Source material
"""

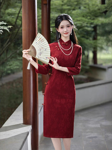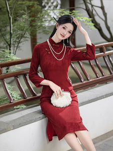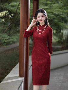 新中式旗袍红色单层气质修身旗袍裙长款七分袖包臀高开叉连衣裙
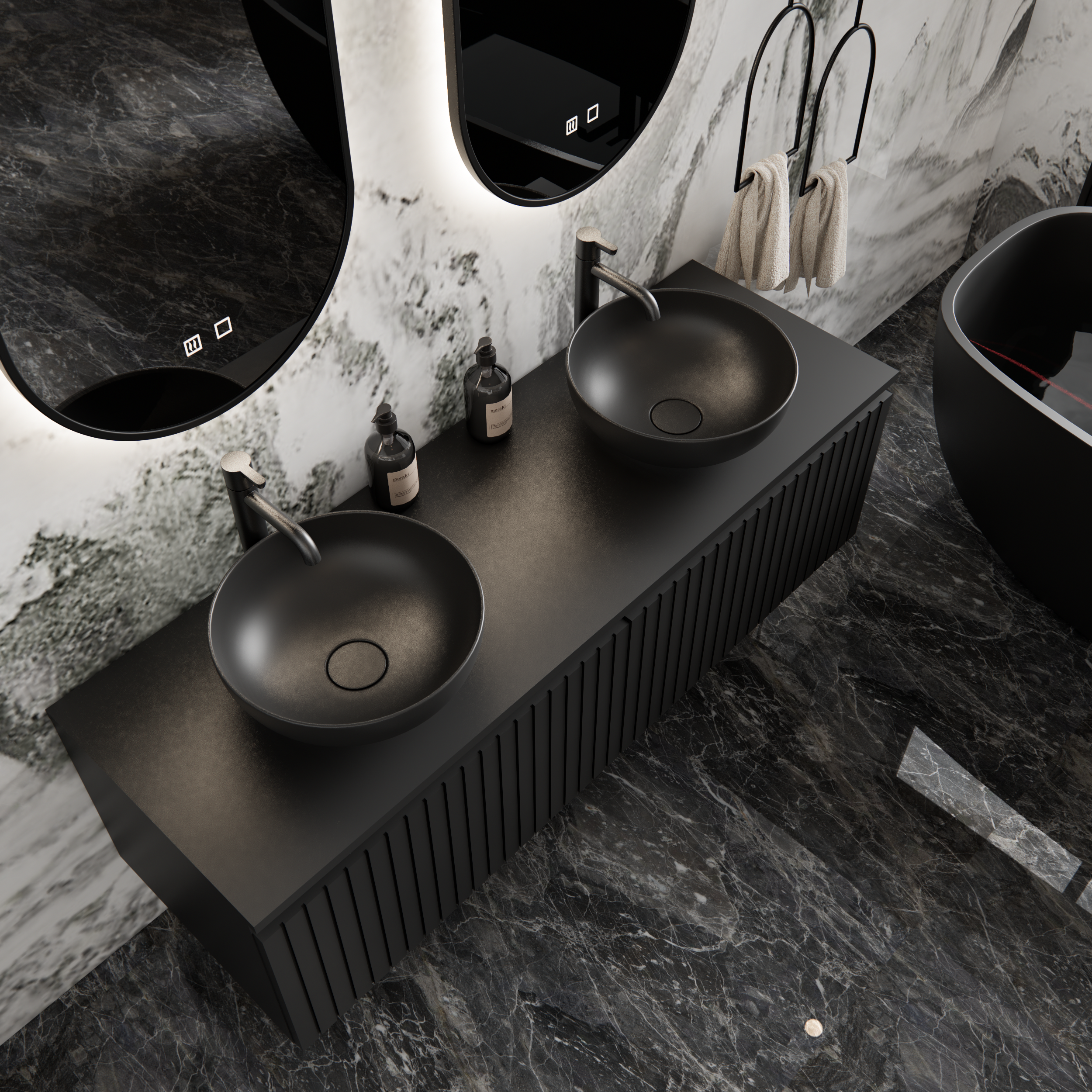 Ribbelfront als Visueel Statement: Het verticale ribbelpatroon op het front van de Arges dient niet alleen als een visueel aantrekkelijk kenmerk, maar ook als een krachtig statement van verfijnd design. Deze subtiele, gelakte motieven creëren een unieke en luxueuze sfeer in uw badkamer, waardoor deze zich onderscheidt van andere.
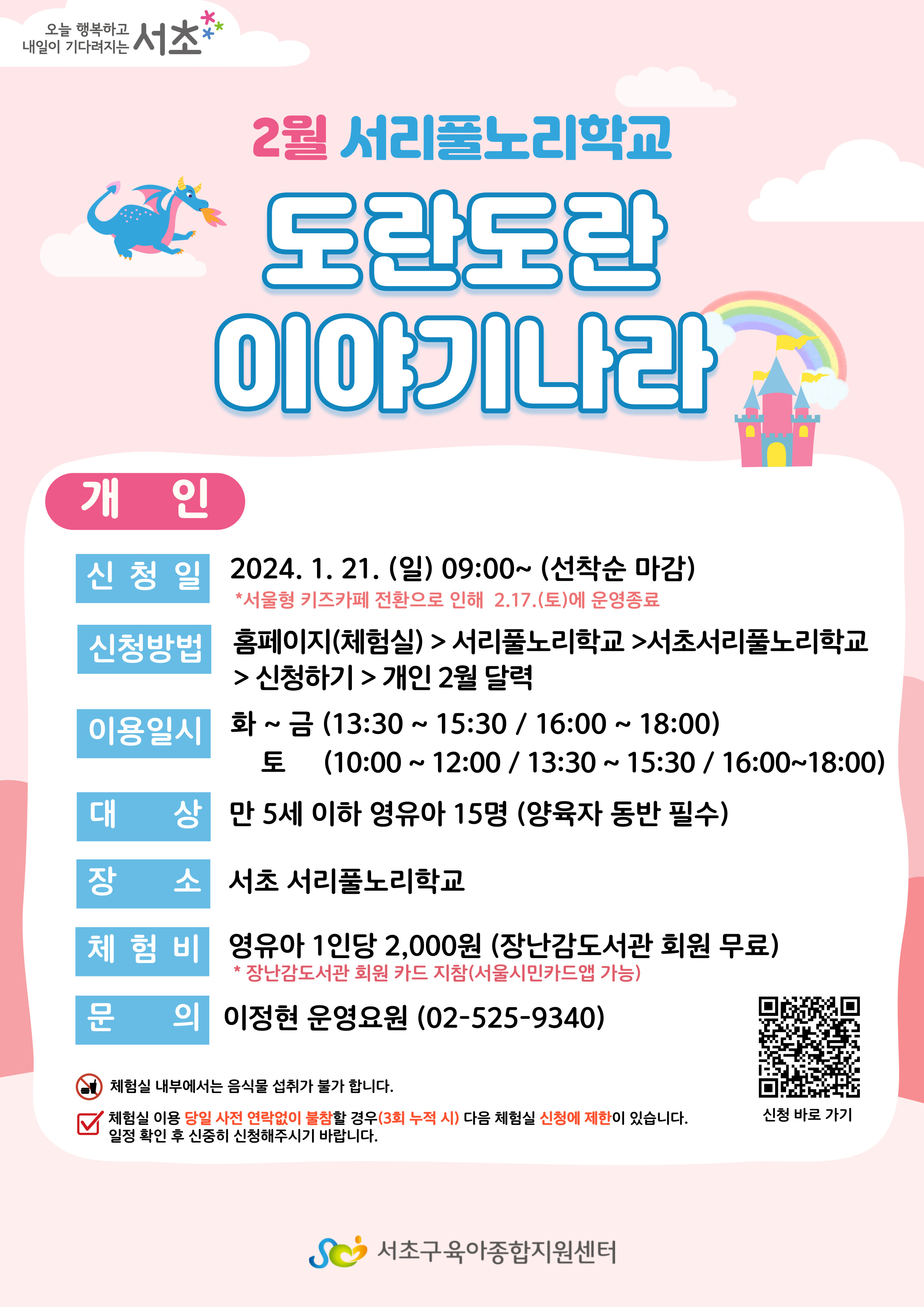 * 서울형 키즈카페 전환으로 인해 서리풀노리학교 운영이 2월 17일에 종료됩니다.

"""

Task requirements
Omit the pictures and write out exactly the lines from the one containing "Ribbelfront als Visueel" through the last line of the material.

Final answer
 Ribbelfront als Visueel Statement: Het verticale ribbelpatroon op het front van de Arges dient niet alleen als een visueel aantrekkelijk kenmerk, maar ook als een krachtig statement van verfijnd design. Deze subtiele, gelakte motieven creëren een unieke en luxueuze sfeer in uw badkamer, waardoor deze zich onderscheidt van andere.
 * 서울형 키즈카페 전환으로 인해 서리풀노리학교 운영이 2월 17일에 종료됩니다.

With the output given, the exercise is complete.